Я думал, что она расплачется, но пожилая дама
– Как она умерла?
– Ей сломали шею. Мне очень жаль.
– Вы нашли того, кто это сделал? Кто это был?
Ее голос неожиданно перешел в хриплый визг. Перепуганные дети начали озираться вокруг.
– Не надо, мадам. Прошу вас. Мы пока об этом решили не распространяться. Я обязательно найду того, кто это сделал. Клянусь вам.
– Отомстите за нее. Ради Бога, прошу вас, отомстите за нее.
Голос у нее задрожал, и она тихо заплакала. Я ласково тронул ее за плечо.

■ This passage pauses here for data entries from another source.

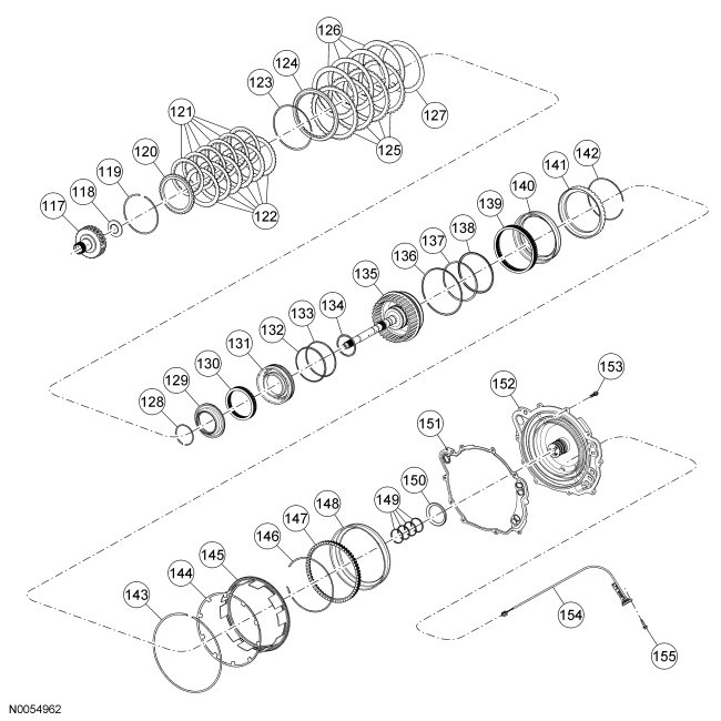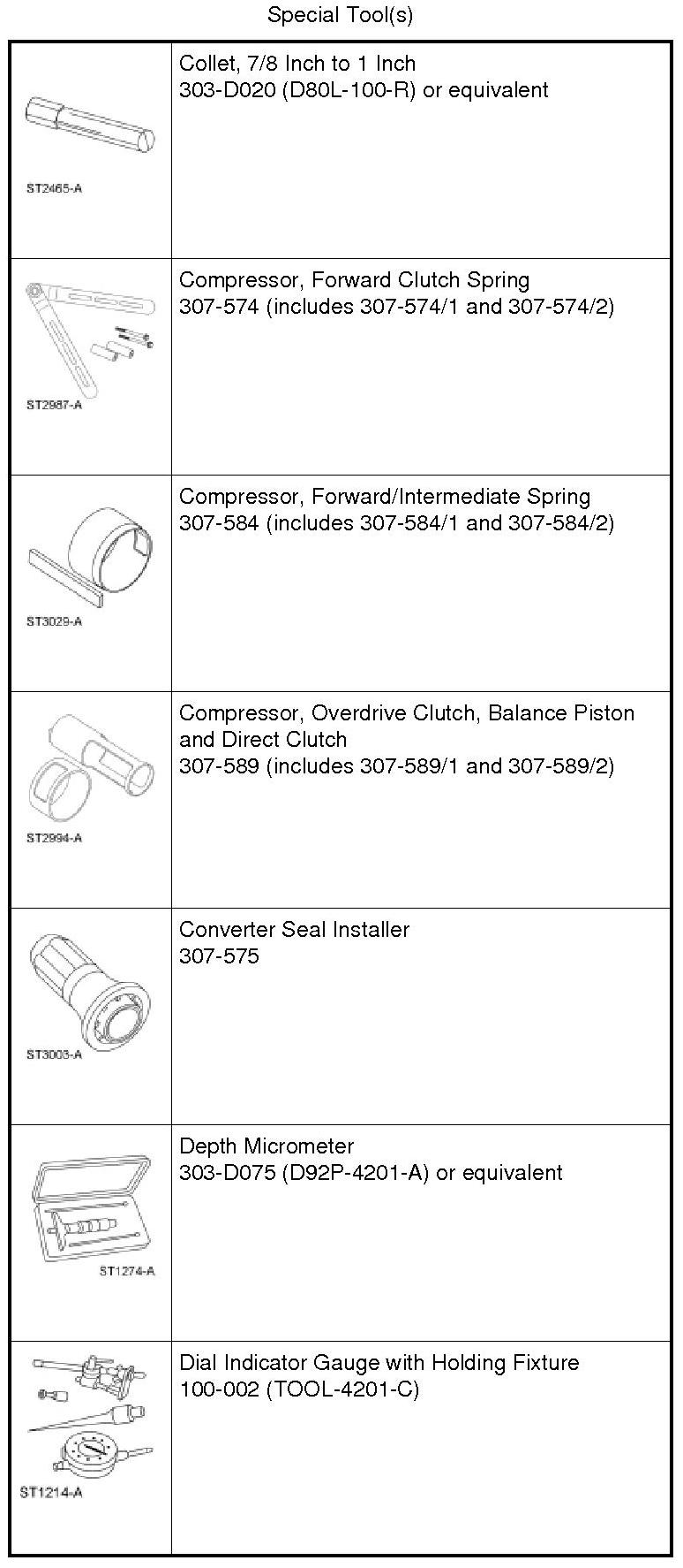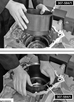 224. NOTE: Install the Forward/Intermediate Spring Compressor 307-584/1 with the stepped end of the cylinder facing downward when pushing the forward clutch piston into the bore.
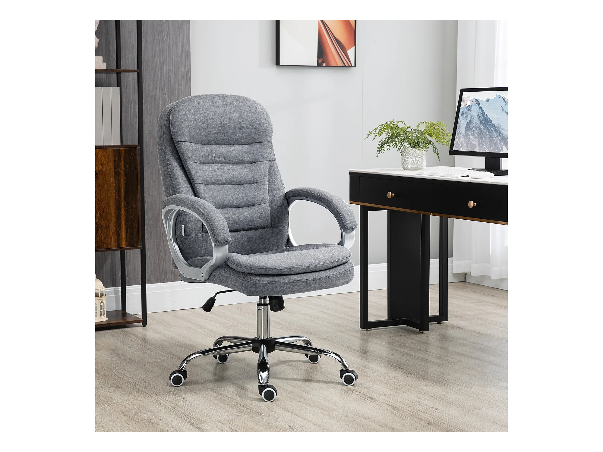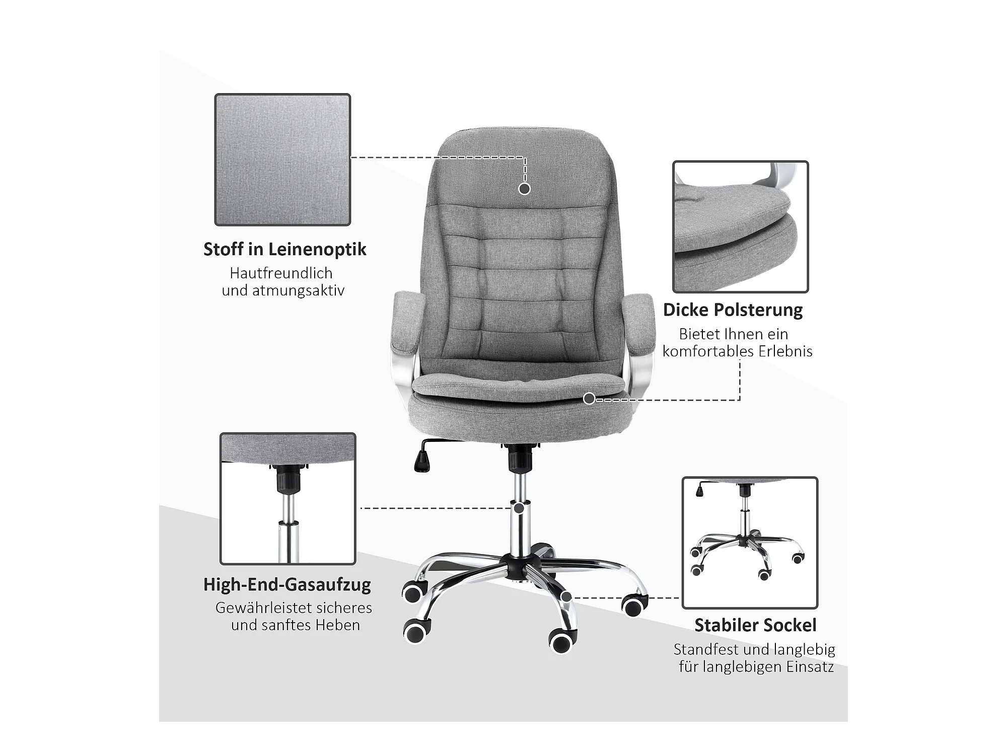 Chaise de bureau ergonomique avec accoudoirs réglables, fonction de basculement, tissu en lin, gris (64x75x121 cm)
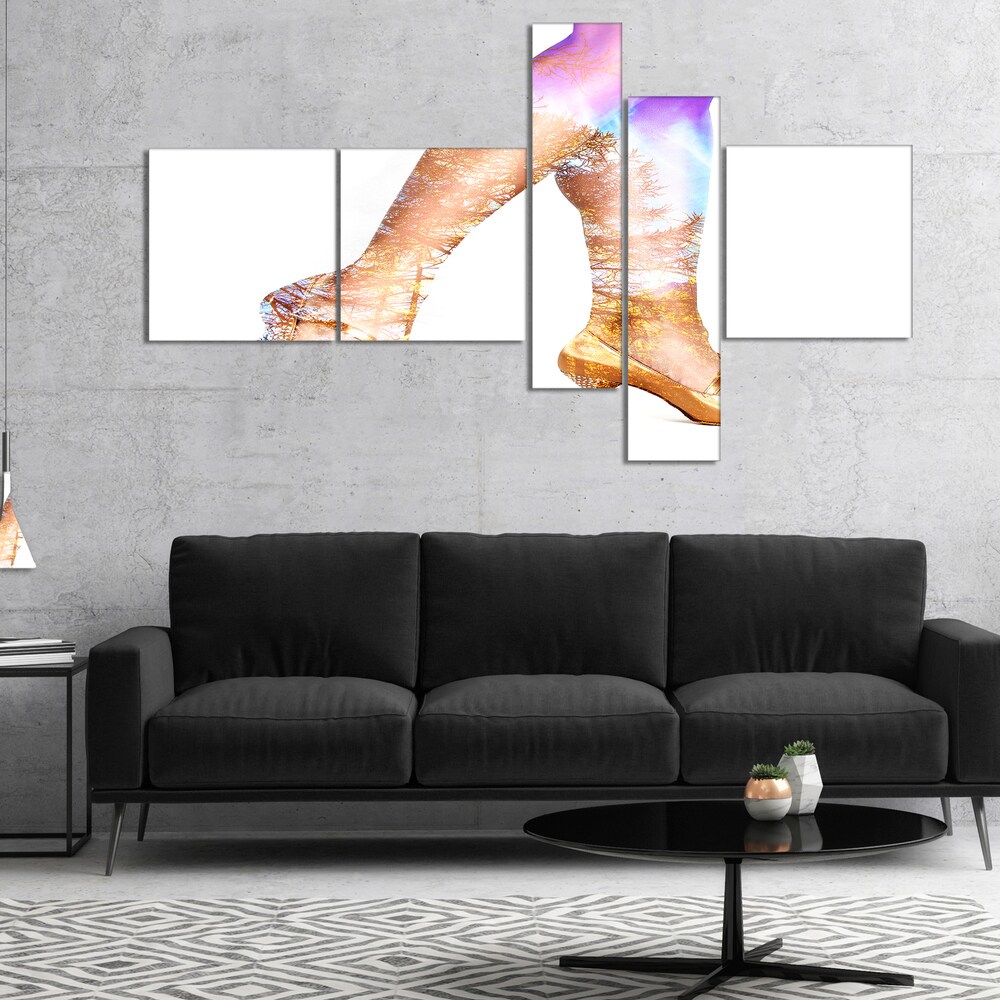 Designart "Dancer Legs and Treescape Double Exposure" Portrait Canvas Art Print
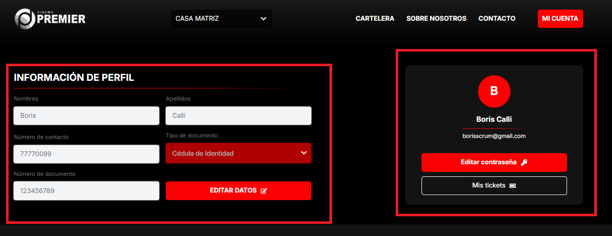 De esta forma, el usuario puede gestionar tanto su información personal como las opciones relacionadas con seguridad y control de sus tickets desde un mismo lugar.
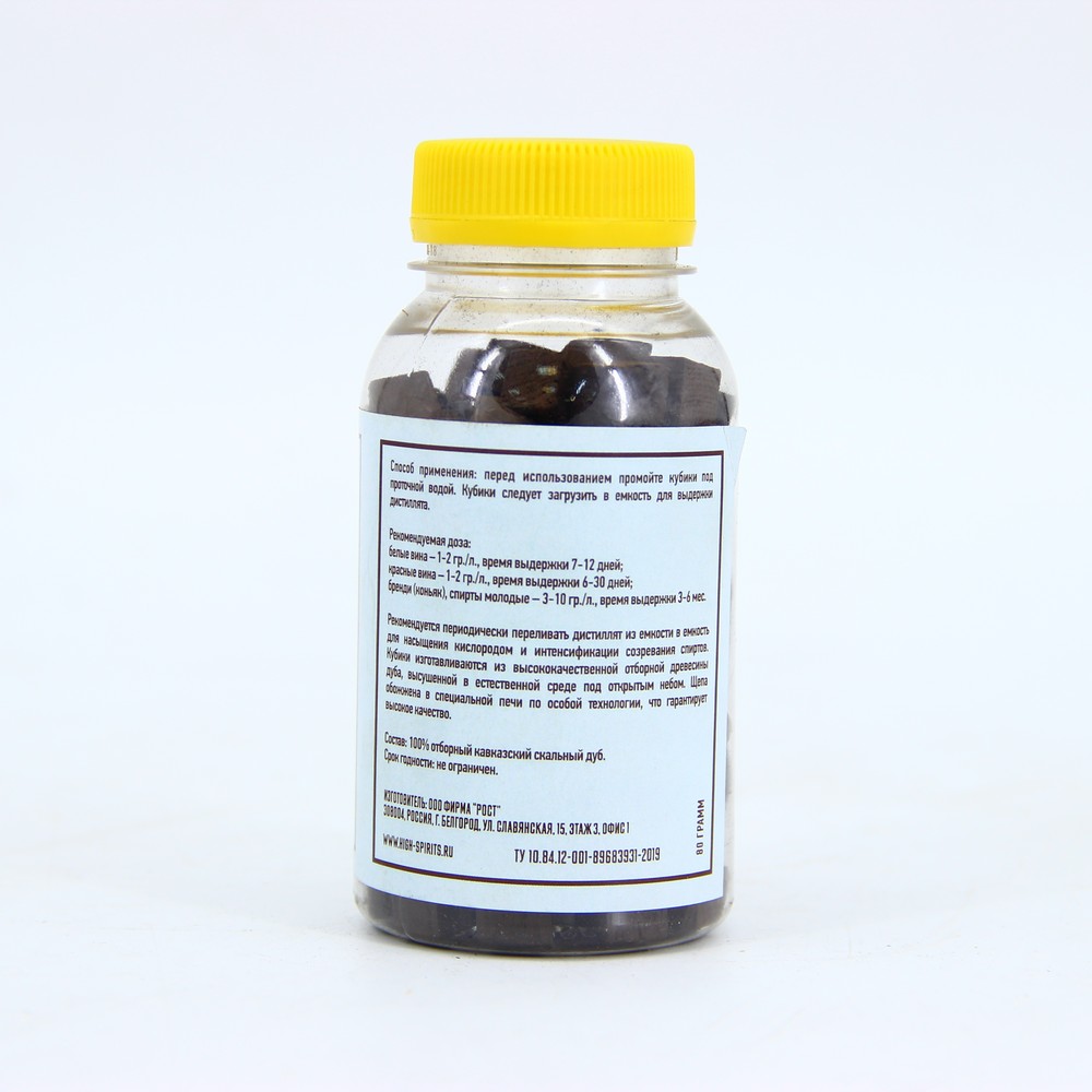Кубики из кавказского скального дуба среднего обжига с фасовкой по 80 г во флаконе производятся для облагораживания дистиллятов в целях получения полноценного виски и бренди. Заготовкой для сырья служат растения не моложе 80-100 лет, потому что именно в этом возрасте они накапливают нужное количество веществ, образующих аромат и смягчающих вкус спиртов. Произрастают деревья в экологически чистых и живописных местах с благоприятным климатом. В лабораторных условиях разрабатываются оптимальные дозировки древесных чипсов, палочек, щепы, выделяющих необходимую часть танинов, смол, жиров для улучшения качества напитков. Так как превышение объема или излишняя продолжительность воздействия может их бесповоротно испортить. Подбор осуществляется опытным путем в зависимости от ваших предпочтений: для белых и красных вин – от 0,5 до 2 г/л, для коньяков – от 2 до 8 г/л. Кубики 80 г «Скальный дуб Кавказ» со средним обжигом рекомендуется перед употреблением промыть под проточной водой для удаления пыли и отколовшихся мелки

– Прошу вас, пока никому ничего не говорите. Если что-нибудь станет известно, я дам вам знать через судью Копингера. Глядите, взрослые возвращаются. Постарайтесь взять себя в руки.
Когда раздача милостыни подошла к концу, процессия оборванцев, словно стая черных ворон на белом снегу, потянулась обратно в город. Госпожа Стамп тяжело вздохнув, поспешно кивнула мне на прощание и повела детей вслед за взрослыми. Направляясь через ворота во двор, где меня поджидал Марк, я все время оглядывался назад, боясь, что она не выдержит и снова расплачется. Но, услышав ее твердый голос которым она подбадривала детей, понуждая догонять взрослых, постепенно успокоился. Брата Эдвига к этому времени нигде не было видно.
ГЛАВА 22
Я тихо вошел в темную церковь и с осторожностью закрыл за собой большую тяжелую дверь. За крестной перегородкой, отделяющей клирос от нефа, мерцали свечи, и оттуда же доносился монотонный хор голосов: монахи пели псалмы. По всей очевидности, вечерняя служба уже началась.
После встречи с госпожой Стамп я велел Марку пойти к аббату и передать ему мою просьбу проследить за братом Габриелем, дабы тот в ближайшее время не покидал стен монастыря, а также мое распоряжение очистить от мыла могилу Синглтона. Кроме того, к следующему дню монахи должны были осушить пруд. Марк всегда с большой неохотой относился к подобного рода поручениям, уж очень ему не по душе было передавать приказания высокопоставленным лицам, к каковым в данном случае он причислял аббата Фабиана. Однако я напомнил ему, что, если он желает продвинуться по службе, ему придется привыкать иметь дело с людьми, занимающими подобное положение в обществе. Не проронив ни слова в ответ, Марк с хмурым видом вышел из комнаты.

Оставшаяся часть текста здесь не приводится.